- **WHAT TO WORK ON**:
Write out again, exactly, the lines below starting at the one with "Piro | | PlayerID: |" and ending at the one with "随机抽取3名玩家获得:乐币*666+233会员*15天".

--- RECORDS TO USE Enclosed Below ---

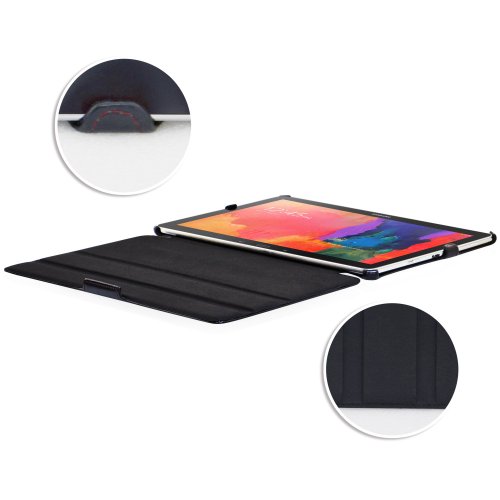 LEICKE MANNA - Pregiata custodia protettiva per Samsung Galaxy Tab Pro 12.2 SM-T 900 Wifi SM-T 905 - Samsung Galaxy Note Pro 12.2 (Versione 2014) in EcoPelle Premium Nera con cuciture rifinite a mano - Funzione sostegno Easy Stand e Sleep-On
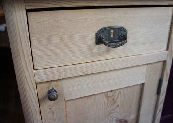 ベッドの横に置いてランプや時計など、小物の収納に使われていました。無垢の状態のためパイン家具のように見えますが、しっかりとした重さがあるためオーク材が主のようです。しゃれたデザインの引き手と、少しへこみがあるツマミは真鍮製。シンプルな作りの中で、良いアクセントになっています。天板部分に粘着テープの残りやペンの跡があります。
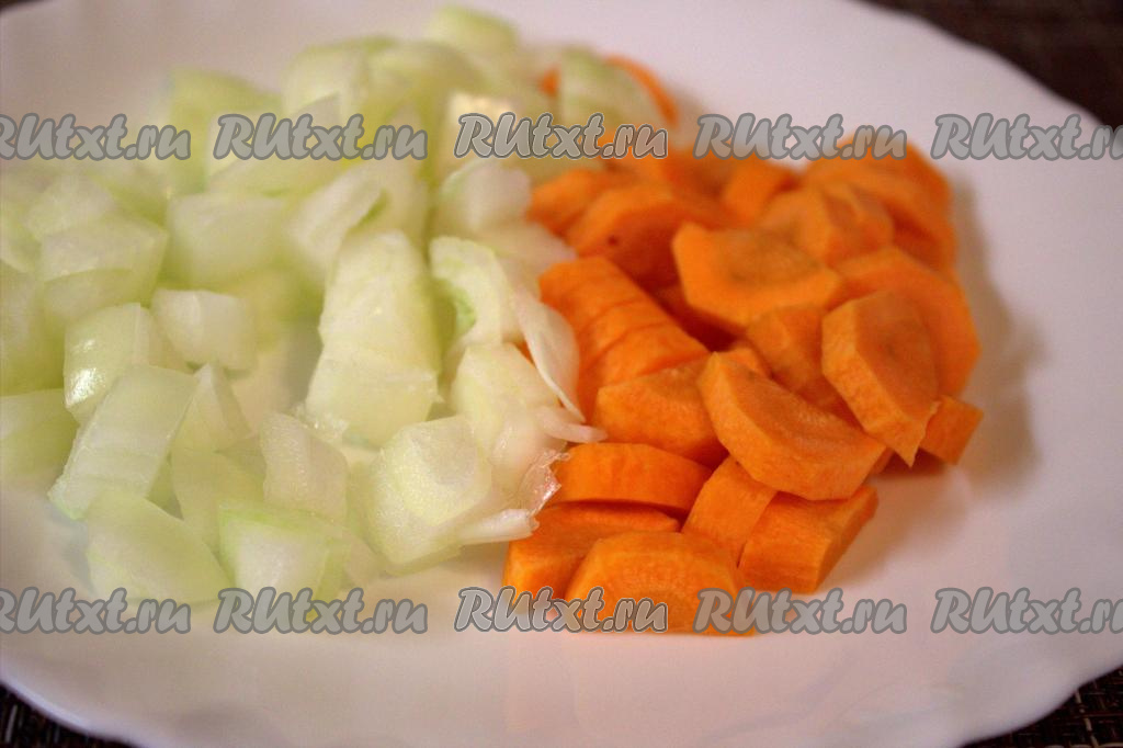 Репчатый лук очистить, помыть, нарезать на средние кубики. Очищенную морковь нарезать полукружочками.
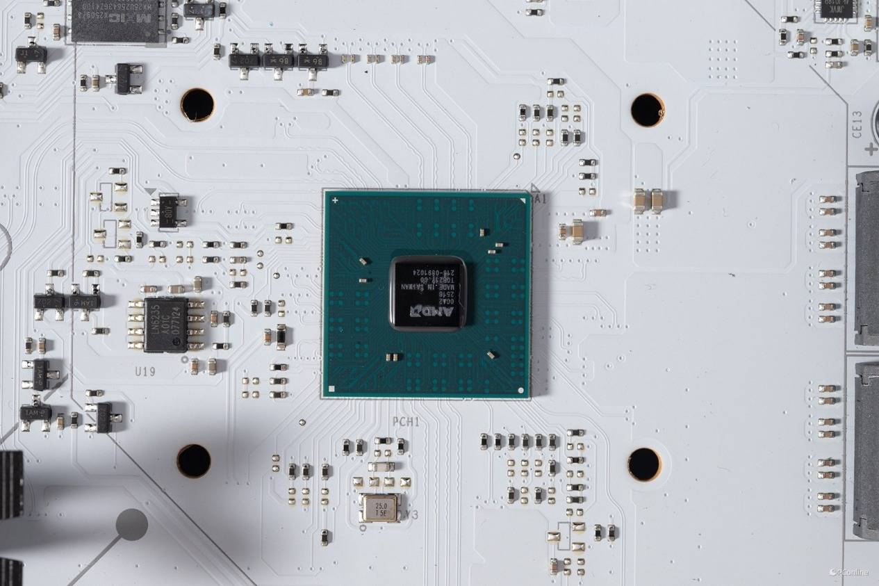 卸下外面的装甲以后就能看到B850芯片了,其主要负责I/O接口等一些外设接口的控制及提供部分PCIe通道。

--- End of Enclosed RECORDS TO USE ---
--- RECORDS TO USE Enclosed Below ---

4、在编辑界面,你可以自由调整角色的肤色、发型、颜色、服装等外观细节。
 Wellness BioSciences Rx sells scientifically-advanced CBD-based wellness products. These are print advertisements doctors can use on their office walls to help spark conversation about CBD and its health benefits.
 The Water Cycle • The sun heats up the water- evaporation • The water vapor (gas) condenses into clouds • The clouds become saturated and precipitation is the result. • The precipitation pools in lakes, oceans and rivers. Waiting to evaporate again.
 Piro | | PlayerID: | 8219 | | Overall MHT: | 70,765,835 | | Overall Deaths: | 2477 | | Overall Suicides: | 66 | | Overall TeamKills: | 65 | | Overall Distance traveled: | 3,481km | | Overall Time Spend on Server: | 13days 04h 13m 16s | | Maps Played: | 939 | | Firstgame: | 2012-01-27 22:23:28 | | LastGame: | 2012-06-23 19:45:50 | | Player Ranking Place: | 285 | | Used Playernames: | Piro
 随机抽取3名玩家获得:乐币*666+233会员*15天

--- End of Enclosed RECORDS TO USE ---

- **RESULT FOR THIS TASK**:
 Piro | | PlayerID: | 8219 | | Overall MHT: | 70,765,835 | | Overall Deaths: | 2477 | | Overall Suicides: | 66 | | Overall TeamKills: | 65 | | Overall Distance traveled: | 3,481km | | Overall Time Spend on Server: | 13days 04h 13m 16s | | Maps Played: | 939 | | Firstgame: | 2012-01-27 22:23:28 | | LastGame: | 2012-06-23 19:45:50 | | Player Ranking Place: | 285 | | Used Playernames: | Piro
 随机抽取3名玩家获得:乐币*666+233会员*15天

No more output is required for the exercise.